The objective of this study was to determine the impact of omeprazole on bismuth (Bi) bioavailability when given in a three-in-one capsule containing bismuth biskalcitrate, metronidazole, and tetracycline. Thirty-four healthy volunteers were randomly assigned to receive three capsules (each containing bismuth biskalcitrate 140 mg + metronidazole 125 mg + tetracycline 125 mg) qid alone x 6 days or the same treatment + omeprazole (OM) 20 mg bid. Blood was drawn at intervals for 24 hours after the last dose. After the last dose, mean (CV) Cmin for plasma bismuth was 2882 pg/mL (36%) and 1195 pg/mL (23%) (p< 0.001), with and without OM, respectively. Mean (CV) Cmax was 25,493 pg/mL (69%) and 8061 pg/mL (28%) (p < 0.001) with and without OM, respectively. AUC0-24 increased by 2.9 in presence of OM (p < 0.001). Adverse events in both groups were usually mild and of a gastrointestinal nature, and all had resolved by the end of the trial.

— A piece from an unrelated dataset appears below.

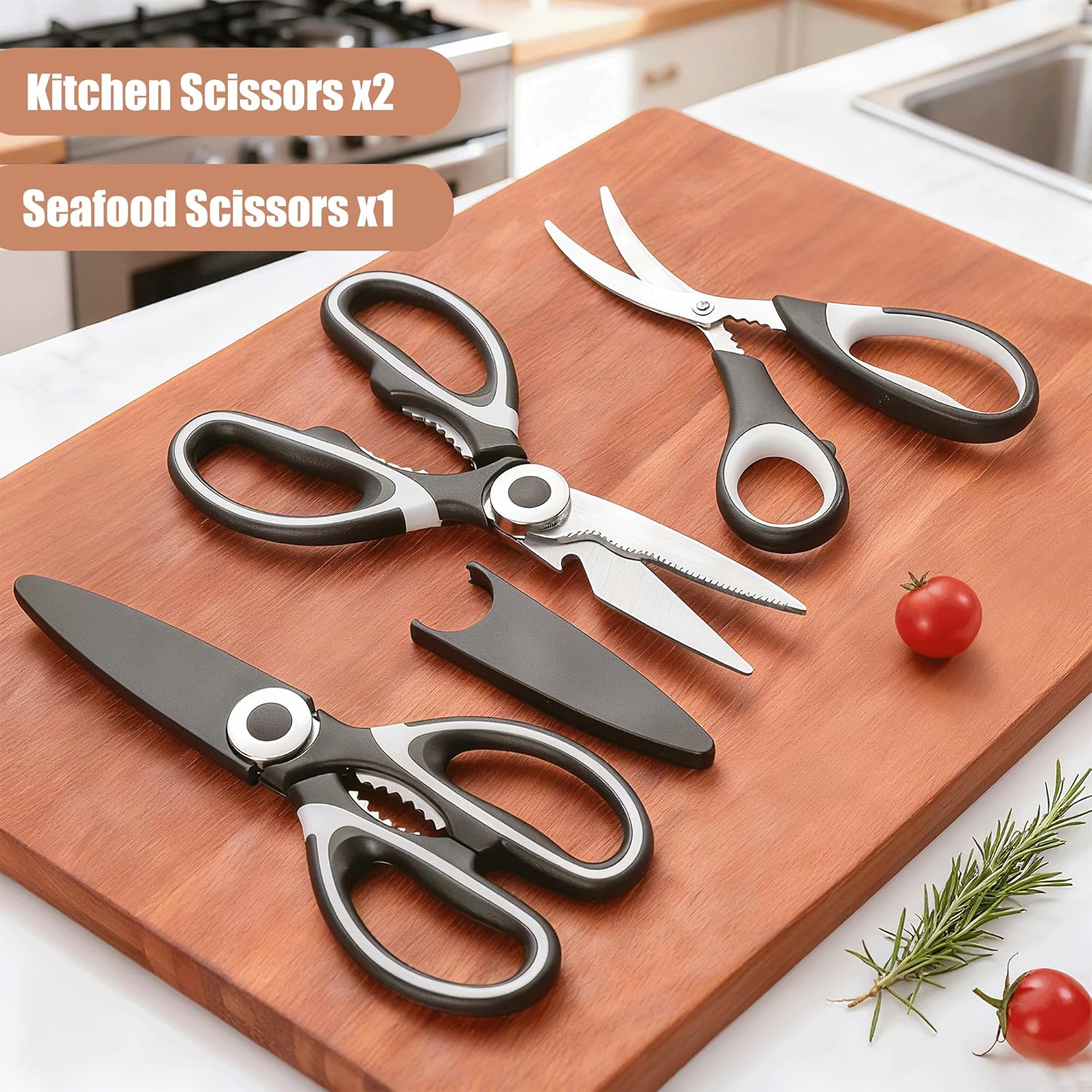 - Durable 2.5mm thickened heavy duty blades: Our kitchen scissors are made with 2.5mm thick stainless-steel blades, which are more durable than regular scissors with 1.5mm thick blades, as 1.5mm blades are more easily damaged when cutting bones. Stainless steel blades prevent rust and corrosion, this ensures that they can withstand frequent use in the kitchen and will last for years to come.

This study confirms an interaction between Bi biskalcitrate and OM. Risk of Bi toxicity, seen after long-term use of Bi compounds, is minimal here because plasma levels of Bi remained well below the toxic levels of 50 µg/L, and the treatment period with this triple capsule + OM is only 10 days, a substantially lower number of days compared to that which might produce Bi toxicity.
Key Words: Omeprazole bismuth biskalcitrate bioavailability drug combinations
Address for reprints: Dr. Jean Spénard, Axcan Pharma, Inc., 597 boul Laurier, Mont-Saint-Hilaire Qc, Canada J3H 6C4.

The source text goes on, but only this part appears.